Take the entries below and reproduce exactly the portion that begins at the line containing "در صورت نصب" and ends at the line containing "Taşlı Kuzey Yıldızı", keeping both ends, dropping pictures, and adding nothing else.

Data:
++++++++++++++++++++

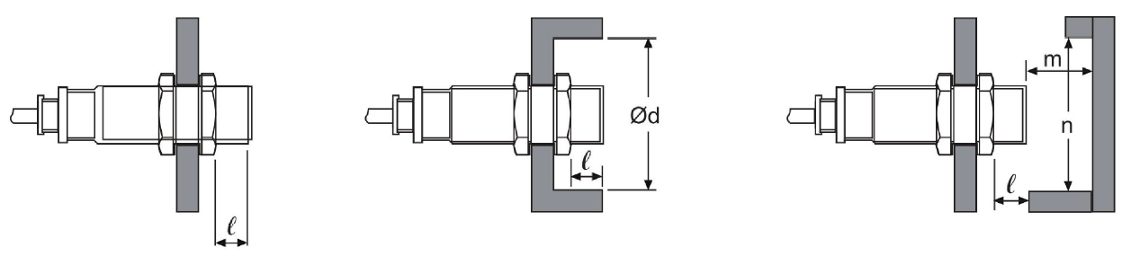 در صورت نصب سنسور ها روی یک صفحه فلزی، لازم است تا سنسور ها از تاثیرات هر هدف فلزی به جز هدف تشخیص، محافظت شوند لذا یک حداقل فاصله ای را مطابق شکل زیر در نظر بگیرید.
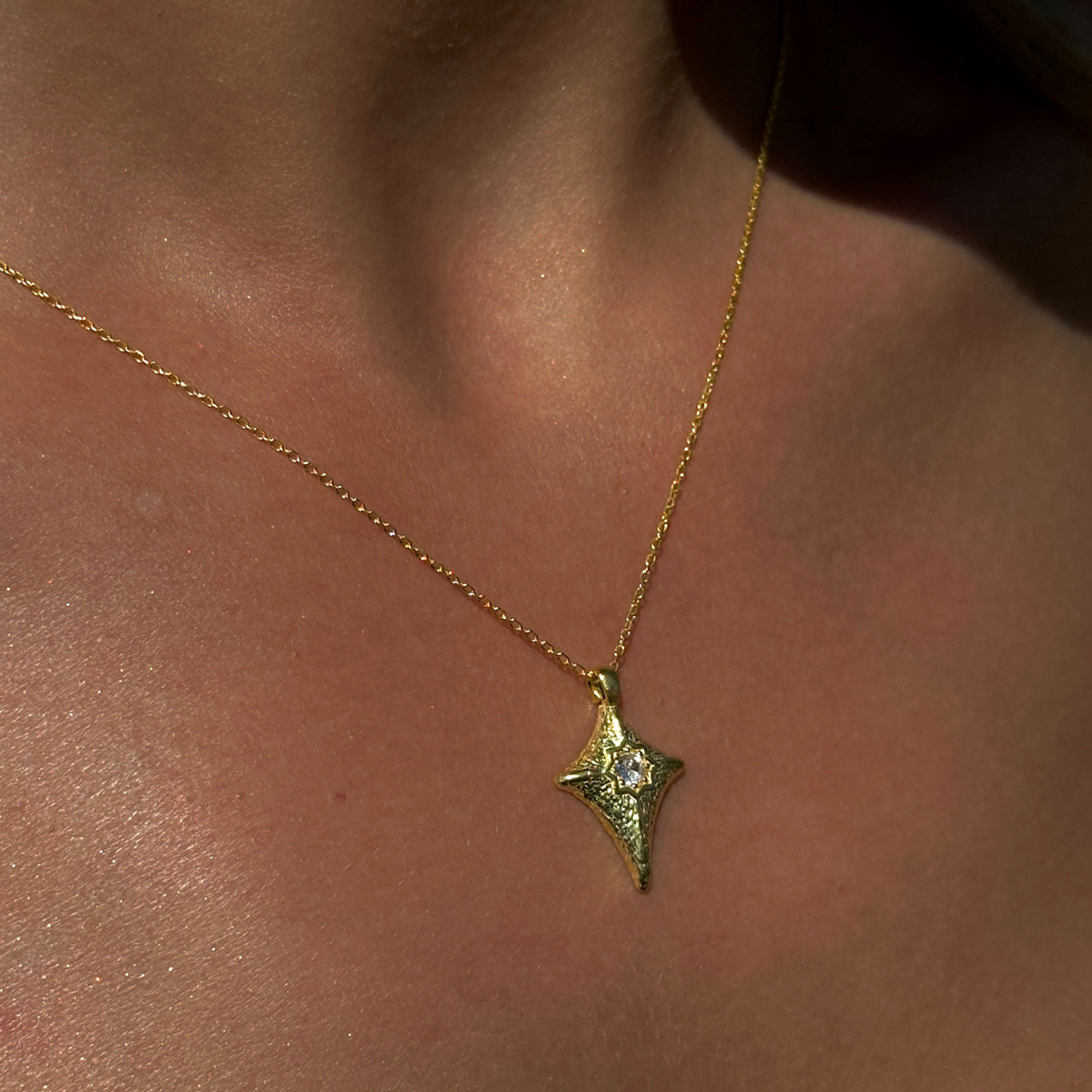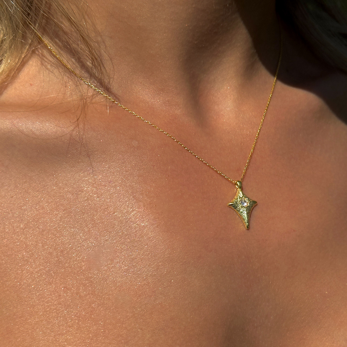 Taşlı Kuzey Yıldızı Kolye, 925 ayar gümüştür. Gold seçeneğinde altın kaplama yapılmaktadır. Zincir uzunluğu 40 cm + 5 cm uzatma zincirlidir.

++++++++++++++++++++

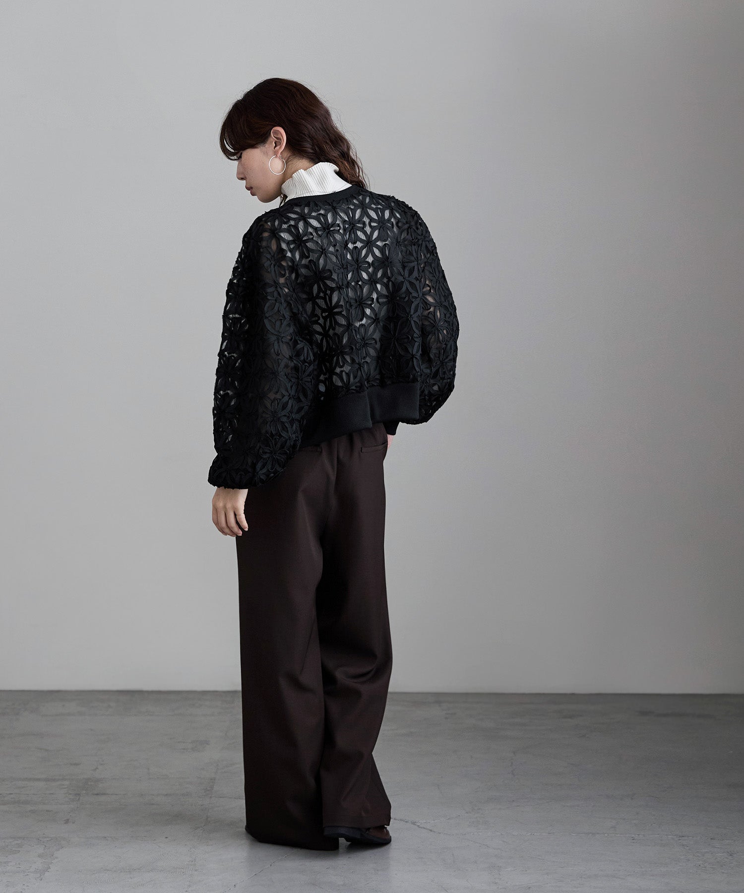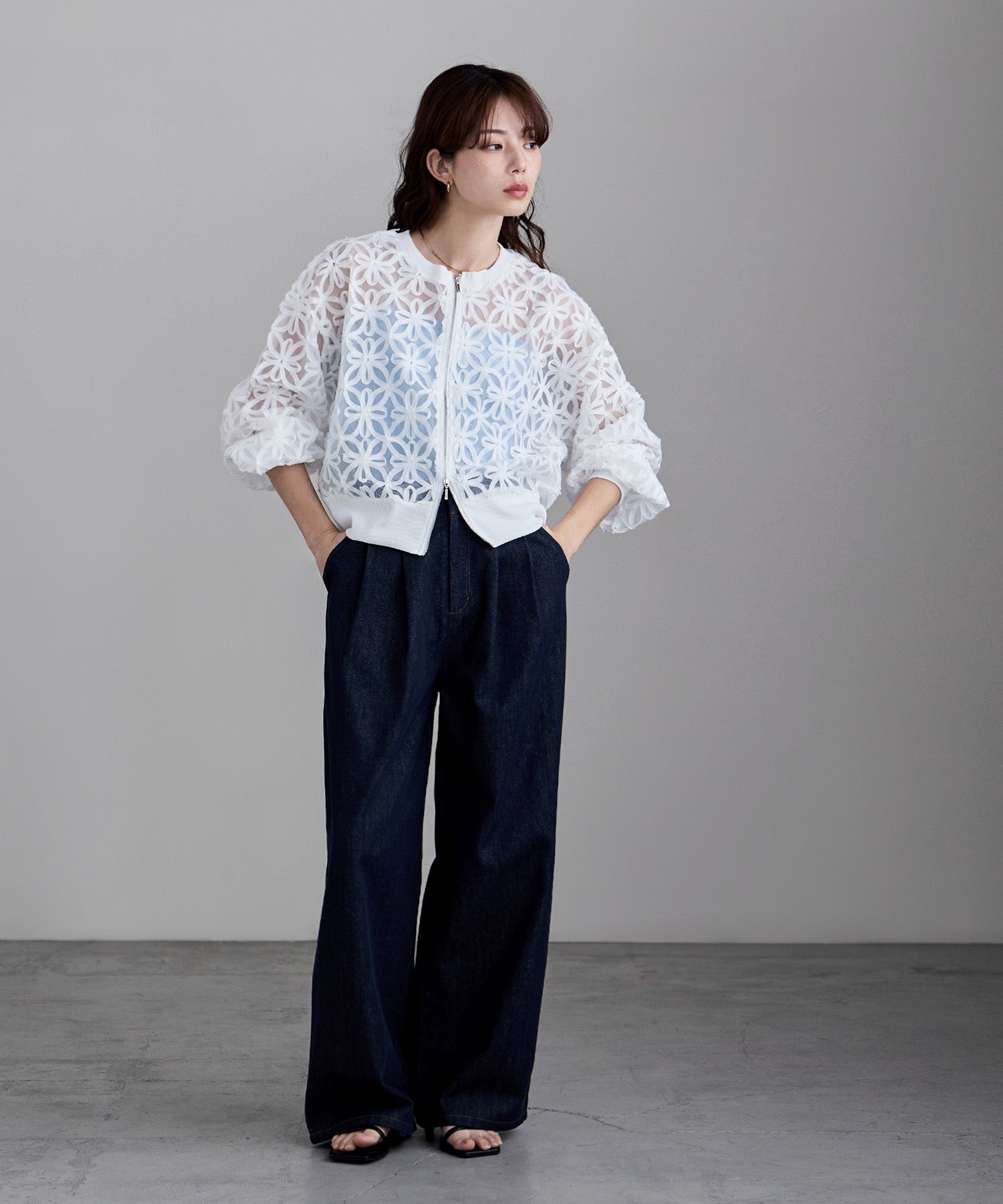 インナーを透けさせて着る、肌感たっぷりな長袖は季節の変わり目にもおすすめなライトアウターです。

++++++++++++++++++++

Solution to this task:
 در صورت نصب سنسور ها روی یک صفحه فلزی، لازم است تا سنسور ها از تاثیرات هر هدف فلزی به جز هدف تشخیص، محافظت شوند لذا یک حداقل فاصله ای را مطابق شکل زیر در نظر بگیرید.
 Taşlı Kuzey Yıldızı Kolye, 925 ayar gümüştür. Gold seçeneğinde altın kaplama yapılmaktadır. Zincir uzunluğu 40 cm + 5 cm uzatma zincirlidir.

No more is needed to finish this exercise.